Child Support Payments through a Trust instead of Child Support Clearinghouse – Do I have a choice?
A Trust for the Child
As an alternative to child support payments, it is possible to set up a trust fund for your child. If the court considers this controlling, it could result in penalties or other consequences. The judge may approve the creation and use of a trust fund for child support. However, the noncustodial parent can seek legal advice to help them make the best decisions and file the case appropriately. It is more complicated to create a trust than simply transfer money each month to one spouse.

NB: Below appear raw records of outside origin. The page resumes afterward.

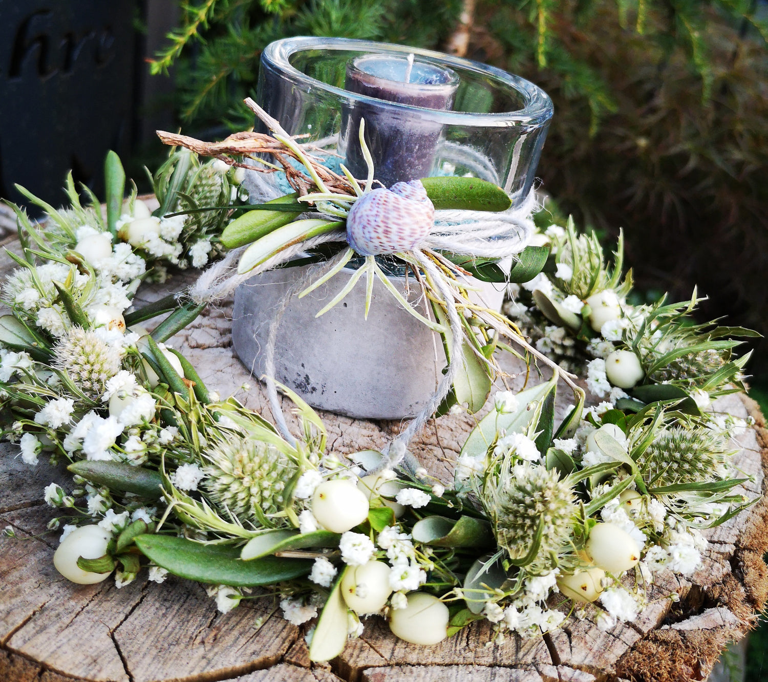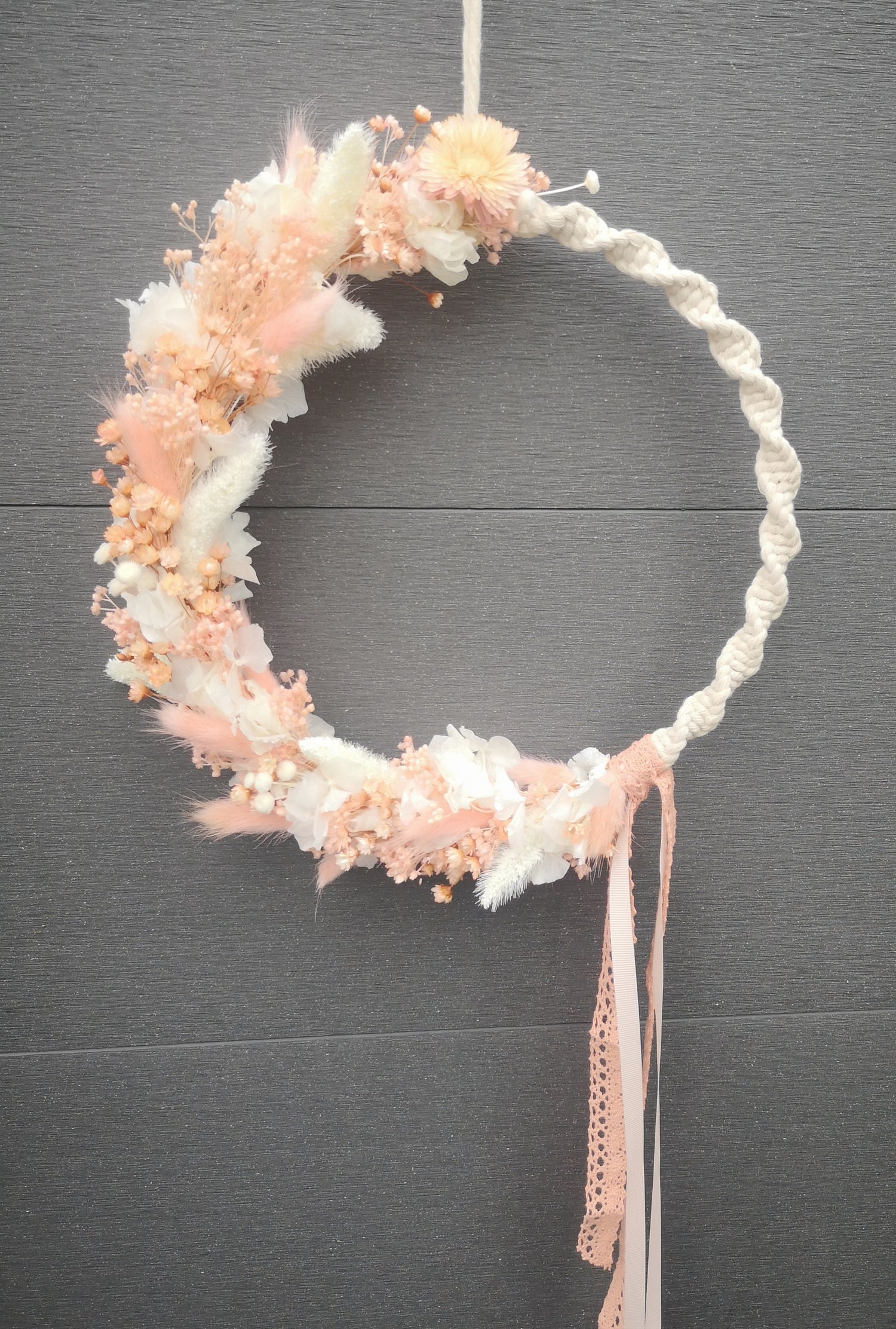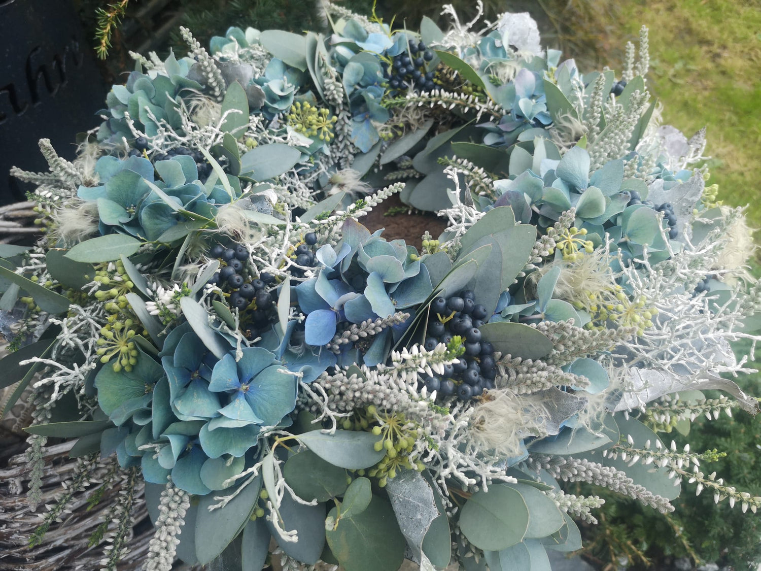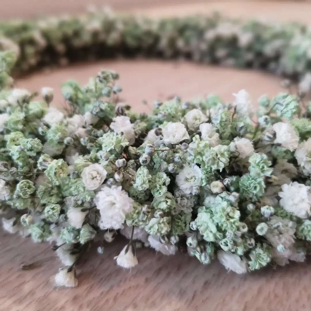 Handgefertigte Kränze hergestellt aus Trockenblumen, Zweigen, Bänder, frischen Blumen, etc.
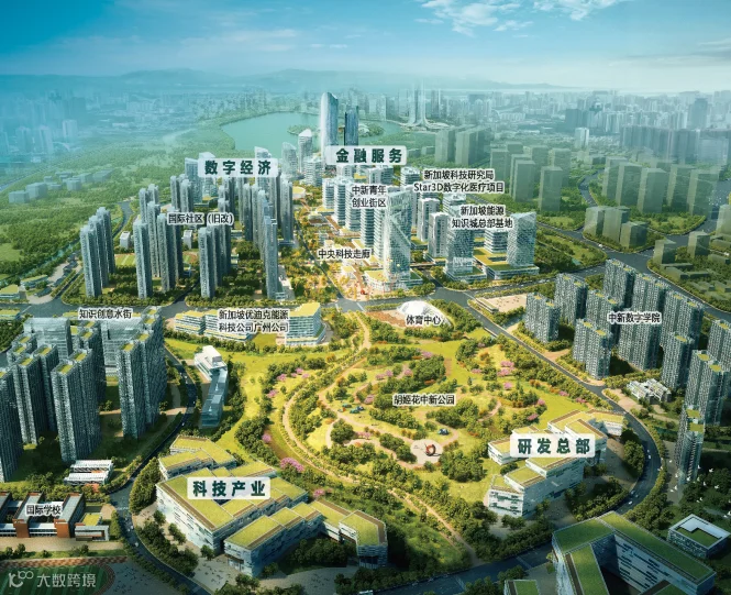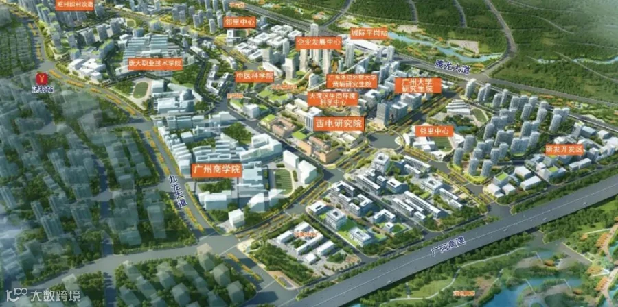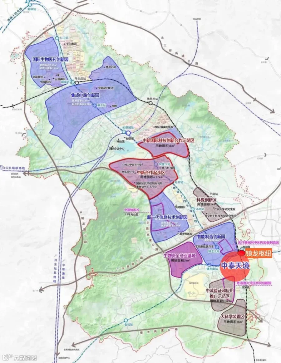 截止目前,新龙片区已落户了三大重磅项目:中试验证和应用推广区(粤港澳大湾区协同创新园),由中科院长春应化所黄埔先进材料研究院主导的大科学装置区,以及知识城科教创新区。
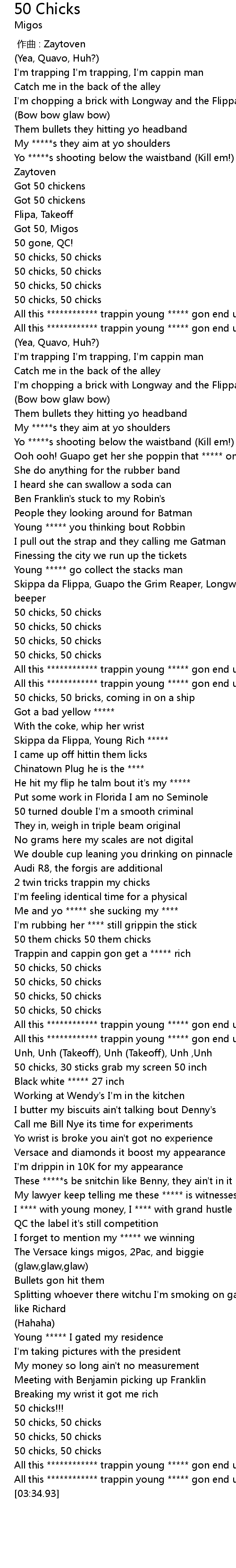 | [02:15.75] | 50 them chicks 50 them chicks |
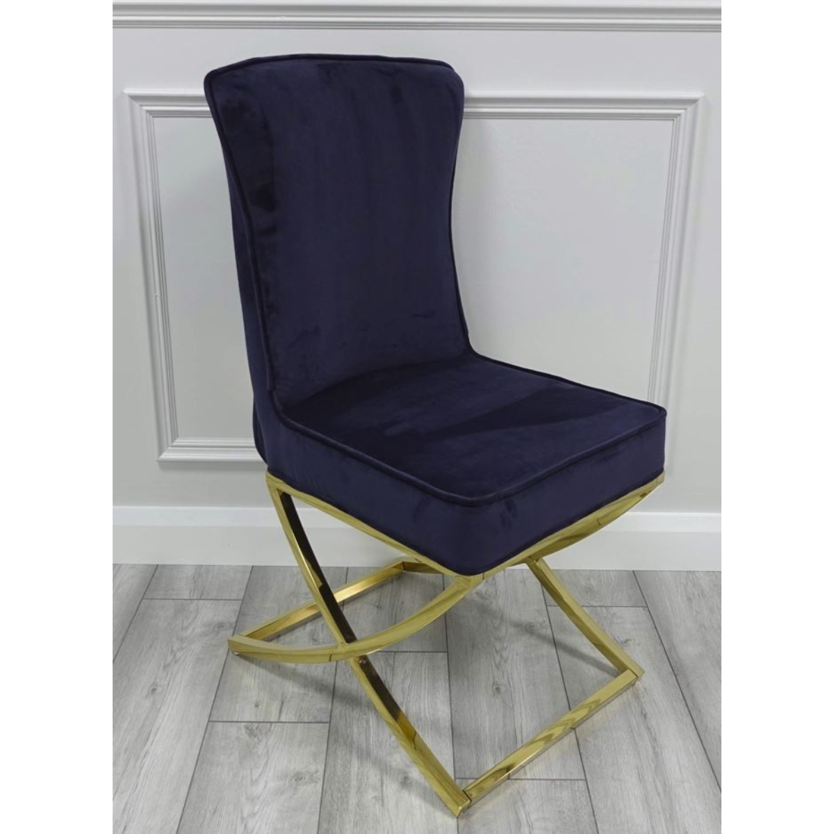 Reference: emmadiningchairnavyThe Pierre Dining Chair Range brings modern luxury into your home. Upholstered in plush, soft-touch fabric, these chairs offer outstanding comfort while making a stylish statement. The sleek, curved backrests and elegant gold X-shaped legs create a refined and contemporary look, perfect for enhancing any dining space with a touch of sophistication.
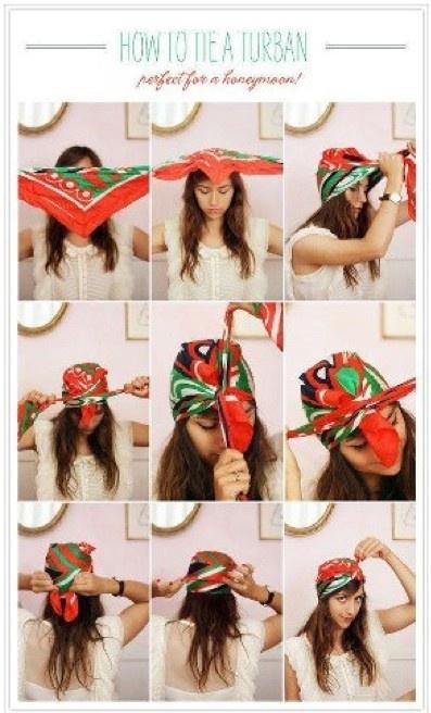 Para conseguirlo dobla el turbante a la mitad, para que quede en forma de triángulo. Colócalo sobre la cabeza, dejando que las puntas caigan hacia delante. Atálo y pasa la tela que sobra para la parte posterior.
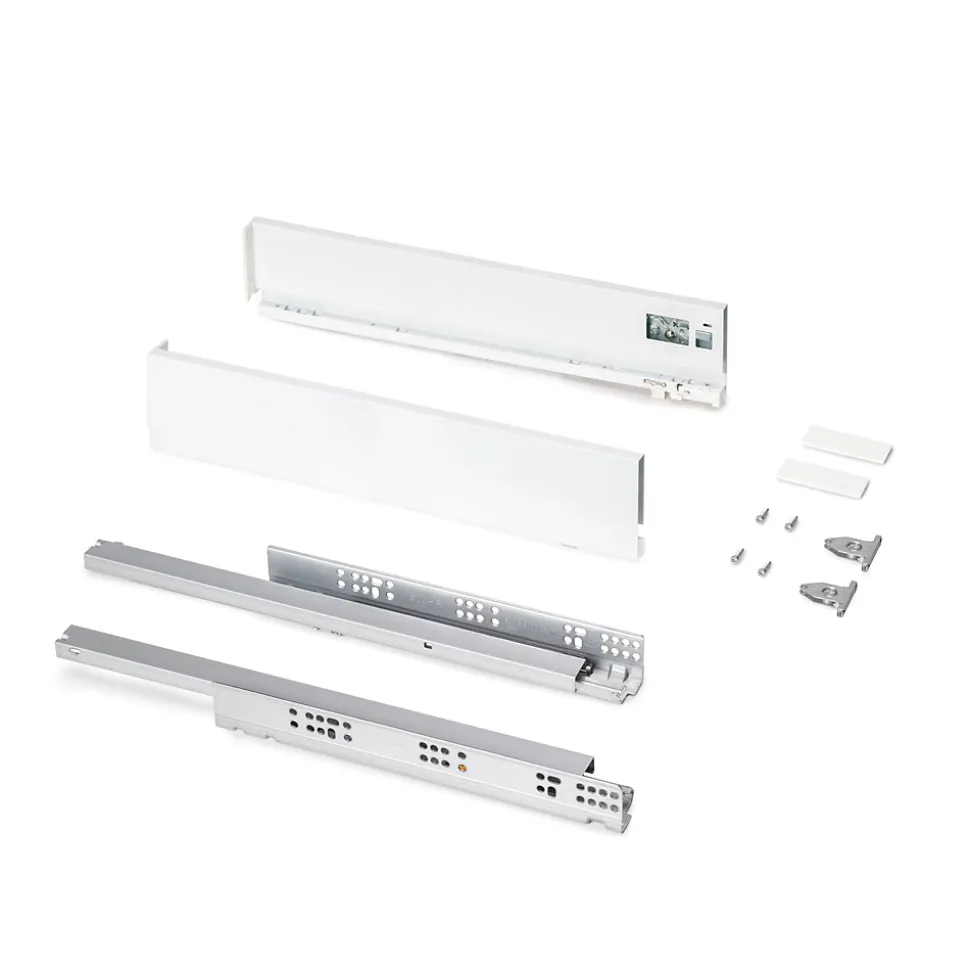 Kit de ferrures nécessaires pour le montage d’un tiroir extérieur de hauteur 93 mm et profondeur 500 mm, n’incluant pas le fond, la façade ni la façade arrière. Contient les coulisses à sortie totale, un jeu de côtés, un jeu de fixations arrière et un jeu de fixations frontales pour tiroir extérieur. Les coulisses, à extraction totale et fermeture amortie, offrent une capacité de charge maximum de 30 kg. U dispose d’un réglage frontal: vertical au moyen d’un excentrique de ±2 mm et horizontal ±1 mm. Fabriquées en acier peint blanc. VOIR LES MESURES DU PRODUIT DANS LES IMAGES. Le tiroir de cuisine et salle de bain Protone est disponible en kit avec toutes les ferrures nécessaires pour le montage et offre une grande capacité de charge, jusqu’à 30 kg par tiroir. Le kit contient les coulisses à sortie totale et fermeture amortie , un jeu de fixations et un jeu de côtés , disponibles en finition blanc ou gris anthracite. Vous n’aurez qu’à ajouter les panneaux pour le fond, la façade arrière et la façade du tiroir, avec les dimensions correctes.
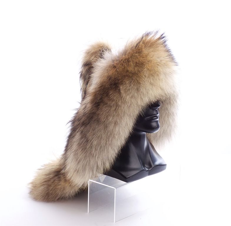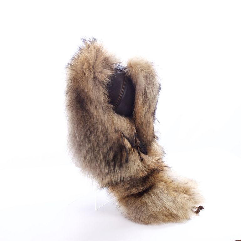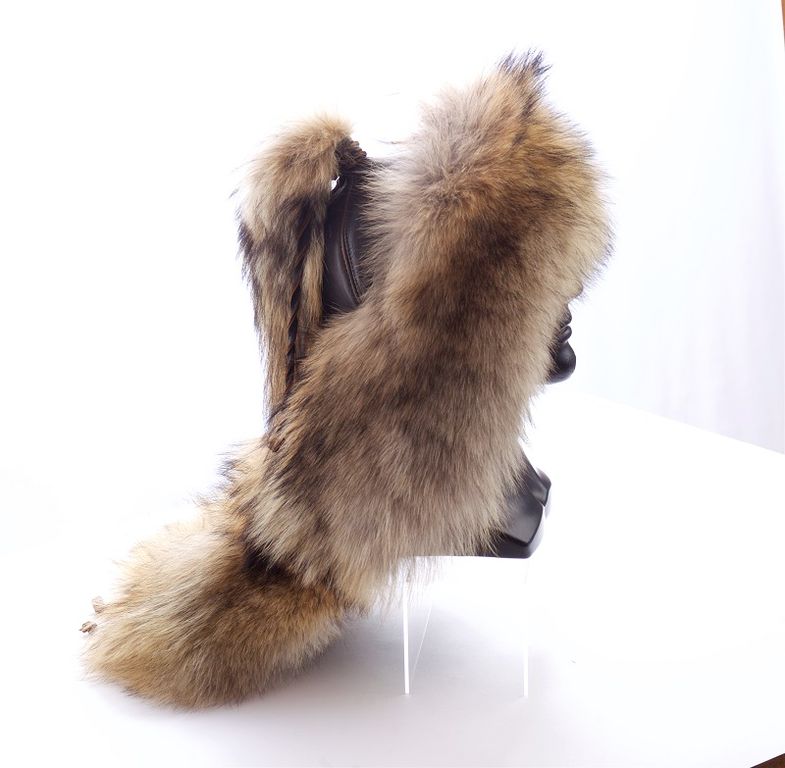 Эксклюзивная шапка из полярного волка, комбинированная натуральной кожей, декорирована волчьим хвостом. Эта модель выполнена в единственном экземпляре, является копией головных уборов древних татаро-монгольских кочевников (аналог представлен в х/ф "Тобол").
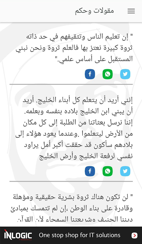 We are Zayed application was developed to be the first Electronic platform in UAE in the year of Zayed, where the application is characterized by many characteristics and advantages including but not limited to Sheikh Zayed biography and integrated media library, including employment of modern technologies in sharing the electronic posts to spread Sheikh Zayed quotes across all social media networks.

The estate planner should consider trusts as a tool. If the beneficiary is not prepared for it, trusts can be a source of income. There are many types of trusts. Some pay beneficiaries monthly, while others hold funds for a longer period. You can roll over funds to other investments or to an account to keep the money until it is time to disburse. A trust creator will need to discuss his or her plans and needs with an estate planning attorney.
The Choice and the Divorce Process
The judge will generally decide how many children support the noncustodial spouse will pay to the ex-spouse in divorce cases. Once the matter is settled, the type and amount of payments will be set up. The judge will then decide how many children support the noncustodial parent will transfer to the ex-spouse during the divorce case. If the estate is substantial enough, others may only pay a portion of the child support payments.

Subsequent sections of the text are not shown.